Let $G$ be simple undirected graph and $e=uv\in E(G)$.
The imbalance of the edge $e$ is the value $imb(e)=|d(u)-d(v)|$.
Let $M_{G}$ denotes the imbalance sequence (or more correctly, multiset of all edge imbalances) of $G$.
I can prove that if $T$ is a tree, then $M_{T}$ is graphic.
However, in general case it isn't true.

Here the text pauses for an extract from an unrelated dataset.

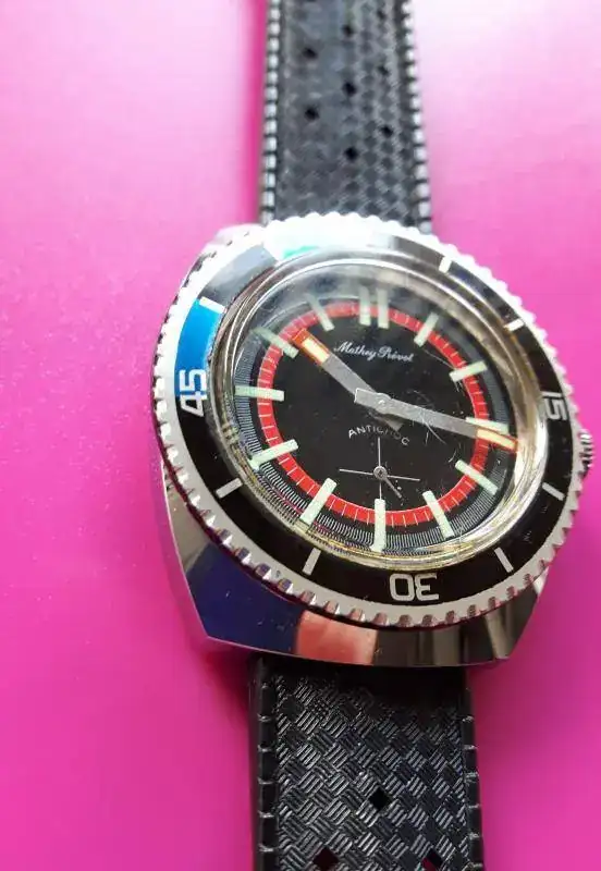 Saco para venta este diver setentero muy bien conservado. Se le hizo un repasito hace un año más o menos y va bien. Sus puntos fuertes son el estado de conservación teniendo en cuenta los años que tiene, el precioso bisel, el tamaño (mide 40 contando la corona) y que lleva una tropic original que ya sólo eso vale casi la mitad de lo que pido. He sacado en las fotos las pequeñas marquitas que tiene que salen ampliadas para que se vean bien. Con un pulido salen seguro porque no son profundas, pero ahí están...recordad que no es nuevo. Si te gustan los divers vintage, aprovecha la ocasión. Contesto por mensaje privado. Priorizo entrega en mano en Madrid.

See A question on graphic sequences for simple counterexamples.
Based on these I came to the next
Imbalance Conjecture: Suppose that for all edges $e\in E(G)$ we have $imb(e)>0$. Then $M_{G}$ is graphic.
ADDED 1: Vova Skochko, a good friend of mine, verified the conjecture for all such graphs with $\leq 9$ vertices.
ADDED 2: Recall that the value $Irr(G)=\sum_{e\in E(G)}imb(e)$ is called irregularity of $G$.
In light of Erdos-Gallai theorem the Imbalance Conjecture is equivalent to the next statement
Suppose that for all edges $e\in E(G)$ we have $imb(e)>0$. Then for all $E'\subset E(G)$ it holds $$Irr(G)\leq |E'|(|E'|-1)+\sum_{e\notin E'}\left(\min\{{|E'|,imb(e)}\}+imb(e)\right).$$
I wonder does this bound on $Irr(G)$ implies other known bounds on $Irr(G)$ for such graphs?